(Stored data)
***
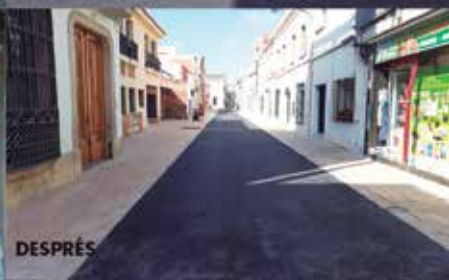
Carrer Sant Francesc: l'abans i el després
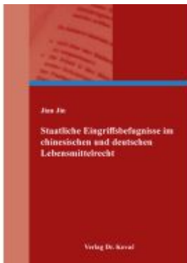
Staatliche Eingriffsbefugnisse im chinesischen und deutschen Lebensmittelrecht Ladenpreis: 91,40EUR

Wir haben andere Produkte gefunden, die Ihnen gefallen könnten!
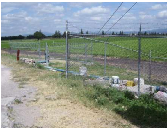
Foto 3.8. Pozo para cultivos de riego.

Fuente: Elaboración propia, agosto 2010.
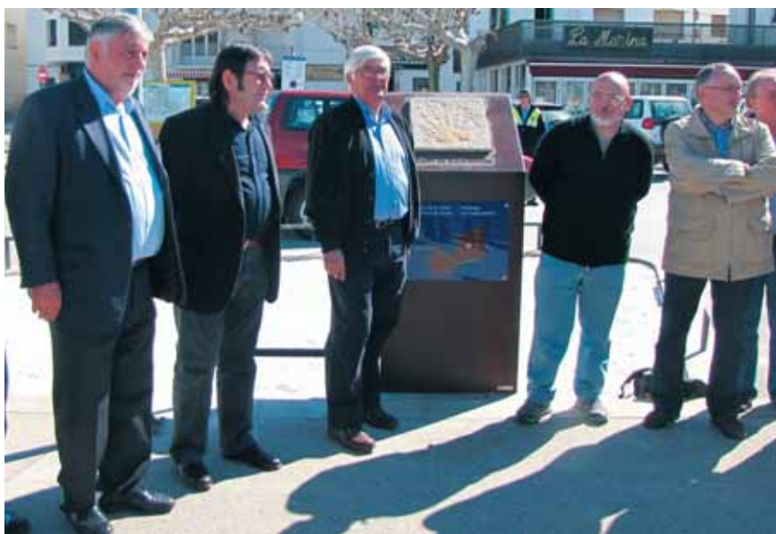
El monòlit d'inici del Camí amb les autoritats moments després de la seva inauguració.

El tram del camí que ens pertoca és el del Port de la Selva - Sant Pere de Rodes a Figueres. S'entén com a punt de partida o com a punt d'arribada. Suposen 29,7 km. Es calcula un temps de 8 hores per fer el recorregut.
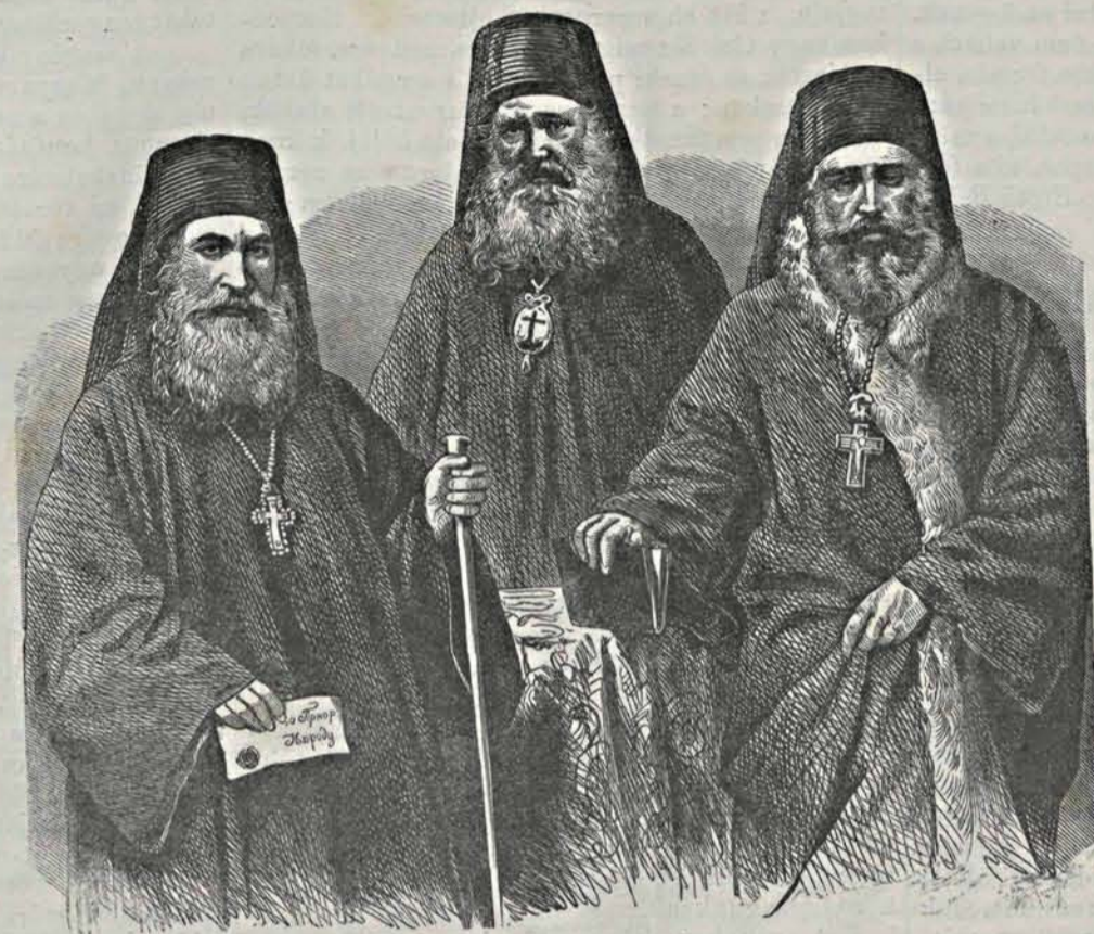
A bolgár nemzeti egyház előharcosai.

A képviselők visszatértek szülőföldjükre, s foganatosítani iparkodtak azt, a mi elvben ki van mondva.
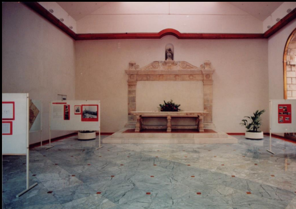
Dio postava izložbe Povijesni razvoj zadarskih vrtova i perivoja , Gradska loža, 1990.

Parkovi, perivoji i vrtovi grada djela su „...prvenstveno ljudske umjetničke kreacije te su oni, ne samo kulturna, već istodobno i vrlo vrijedna prirodna baština“ (PETRICIOLI, 2011). Kao takvi, parkovi su predmet stručnog i znanstvenog interesa muzeja s čime je povezana i misija ustanove da ovu temu prezentira široj javnosti putem izložbi i izdanja.
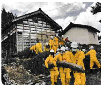
金沢工業大学の学生たちもボランティアとして応援してくれています。(穴水町)

共同募金会では、災害発生後、即座に災害支援を行えるように皆様からのご寄付金の一部を、災害等準備金として積立しています。この準備金は、被災県に設置の災害ボランティアセンターやボランティア団体の活動支援などに活用する共同募金独自の、災害時におけるたすけあいのしくみです。
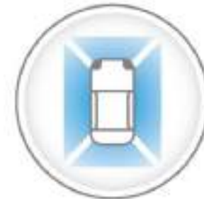
INTELLIGENT AROUND VIEW MONITOR

Monitor inteligente de visión periférica 360°
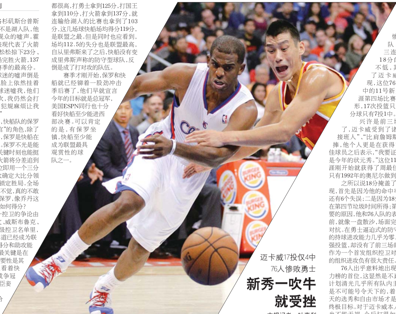
保罗(左)杀气十足。

赛季才刚开始,保罗和快船就已经铆着一股劲冲击季后赛了,他们早就宣言今年的目标就是总冠军,美国ESPN同行也十分看好快船至少能进西部决赛。可以肯定的是,有保罗坐镇,快船至少能成为联盟最具观赏性的球队之一。
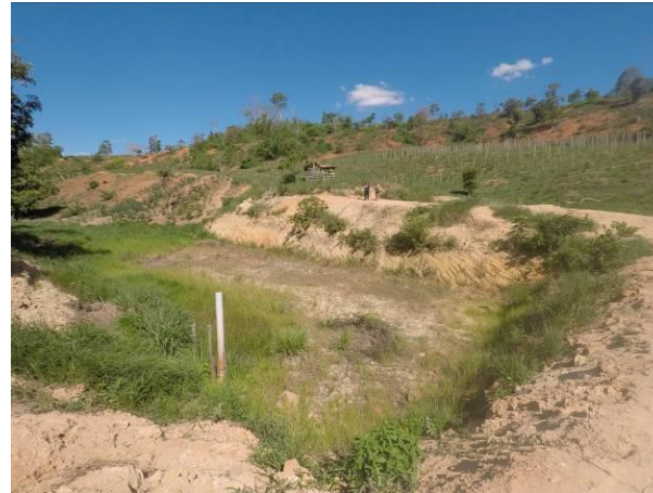
Barragem na cabeceira do Córrego Cavallo.
***
*The problem:*
Give the data above again, exactly and completely. No pictures go in.

*Answer to this task:*
Carrer Sant Francesc: l'abans i el després
Staatliche Eingriffsbefugnisse im chinesischen und deutschen Lebensmittelrecht Ladenpreis: 91,40EUR

Wir haben andere Produkte gefunden, die Ihnen gefallen könnten!
Foto 3.8. Pozo para cultivos de riego.

Fuente: Elaboración propia, agosto 2010.
El monòlit d'inici del Camí amb les autoritats moments després de la seva inauguració.

El tram del camí que ens pertoca és el del Port de la Selva - Sant Pere de Rodes a Figueres. S'entén com a punt de partida o com a punt d'arribada. Suposen 29,7 km. Es calcula un temps de 8 hores per fer el recorregut.
A bolgár nemzeti egyház előharcosai.

A képviselők visszatértek szülőföldjükre, s foganatosítani iparkodtak azt, a mi elvben ki van mondva.
Dio postava izložbe Povijesni razvoj zadarskih vrtova i perivoja , Gradska loža, 1990.

Parkovi, perivoji i vrtovi grada djela su „...prvenstveno ljudske umjetničke kreacije te su oni, ne samo kulturna, već istodobno i vrlo vrijedna prirodna baština“ (PETRICIOLI, 2011). Kao takvi, parkovi su predmet stručnog i znanstvenog interesa muzeja s čime je povezana i misija ustanove da ovu temu prezentira široj javnosti putem izložbi i izdanja.
金沢工業大学の学生たちもボランティアとして応援してくれています。(穴水町)

共同募金会では、災害発生後、即座に災害支援を行えるように皆様からのご寄付金の一部を、災害等準備金として積立しています。この準備金は、被災県に設置の災害ボランティアセンターやボランティア団体の活動支援などに活用する共同募金独自の、災害時におけるたすけあいのしくみです。
INTELLIGENT AROUND VIEW MONITOR

Monitor inteligente de visión periférica 360°
保罗(左)杀气十足。

赛季才刚开始,保罗和快船就已经铆着一股劲冲击季后赛了,他们早就宣言今年的目标就是总冠军,美国ESPN同行也十分看好快船至少能进西部决赛。可以肯定的是,有保罗坐镇,快船至少能成为联盟最具观赏性的球队之一。
Barragem na cabeceira do Córrego Cavallo.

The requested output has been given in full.